13.05.2025

US-China Tariff Agreement: A Turning Point for the DAX

US-China Tariff Agreement and Its Impacts

The recent agreement in the tariff conflict between the USA and China marks a significant turning point for the global financial markets. Both sides have decided to reduce their mutual tariffs for an initial period of 90 days – a step that many market participants view as surprisingly positive. Before this agreement, trade between the two largest economies had effectively come to a standstill, which had significant negative impacts on the global economy.

Development of the DAX

The German benchmark index DAX responded to this news with a marked increase in share prices. On Monday, May 12, 2025, the DAX rose shortly after the start of trading to around 23,912 points and increased to approximately 23,790 points at noon, marking a rise of about 1.2 percent. The index is thus approaching the psychologically important mark of 24,000 points.

Since its low on April 7 (18,489 points), the DAX has recovered by more than 27 percent – an exceptionally strong rise in a short period.
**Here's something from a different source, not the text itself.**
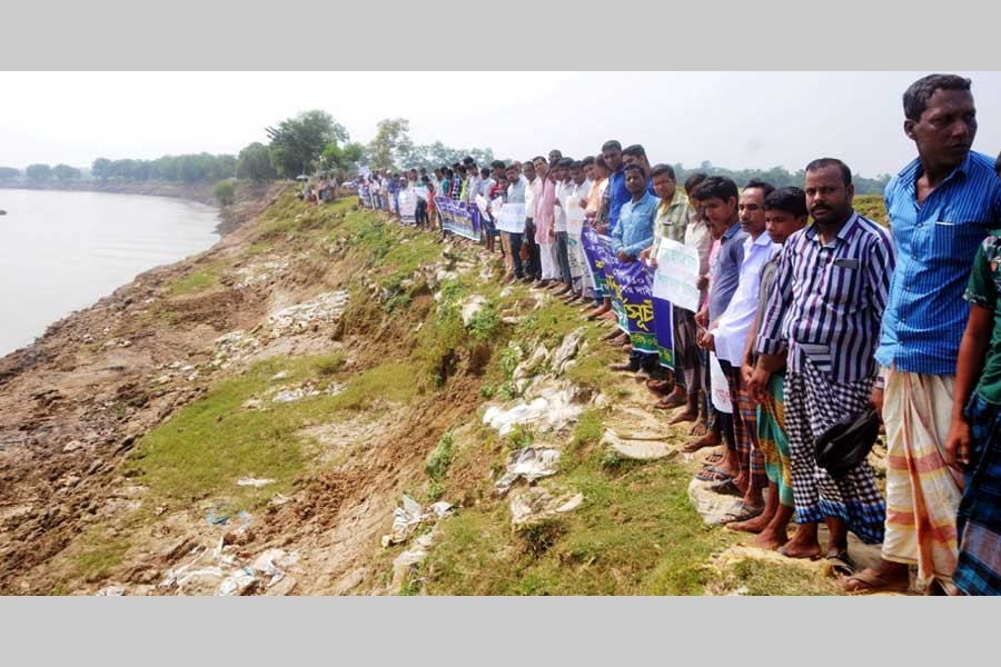 Apart from these, Shibaloy and Daulatpur of Manikganj; Bhuapur and Nagarpur upazilas of Tangail; Chauhali, Belkuchi, Shahjadpur, Kazipur and Sadar upazilas of Sirajganj; Bera and Sujanagar Upazilas of Pabna; Sariakandi upazila of Bogura; Fulchhari upazila of Gaibandha; Dewanganj, Islampur and Madarganj upazilas of Jamalpur are in danger due to Jamuna river erosion.

Since the beginning of the year, the increase has already exceeded 18 percent.

Reasons for the Price Increase

  • Tariff Agreement USA-China: The reduction or suspension of punitive tariffs decreases uncertainty in global trade and improves prospects for export-oriented companies.
  • Increased Risk Appetite: Investors are currently ignoring many risks and increasingly focusing on stocks.
  • Positive Signals from Other Regions: Progress in peace negotiations between Russia/Ukraine as well as a ceasefire between India and Pakistan are viewed positively.
  • Strong Performance Since the Beginning of the Year: The DAX has already surpassed four thousand-point marks this year; it is now facing the fifth jump.

Significance for Private Investors and Savers

Such developments are particularly relevant for private investors in the German-speaking region:

  • Direct Impact on Portfolios: Many German funds and ETFs are heavily invested in the DAX; thus, gains in share prices directly benefit private savers.
  • Adjusting Investment Strategies: The current market situation may lead to classic “safe havens” like gold or government bonds becoming less attractive – instead, interest in stock markets is rising.
  • Volatility Remains High: Despite positive news, fluctuations can still be expected; diversifying one’s portfolio remains advisable.

Conclusion

The US-China tariff agreement is currently creating a significant positive sentiment in the German stock markets and driving the DAX towards a record mark of 24,000 points. For private investors, this means opportunities through gains in stock investments – but also an increased attention to further geopolitical developments is warranted.

“Both the USA and China are talking about a breakthrough in tariff talks,” commented capital market strategist Jürgen Molnar from Robomarkets.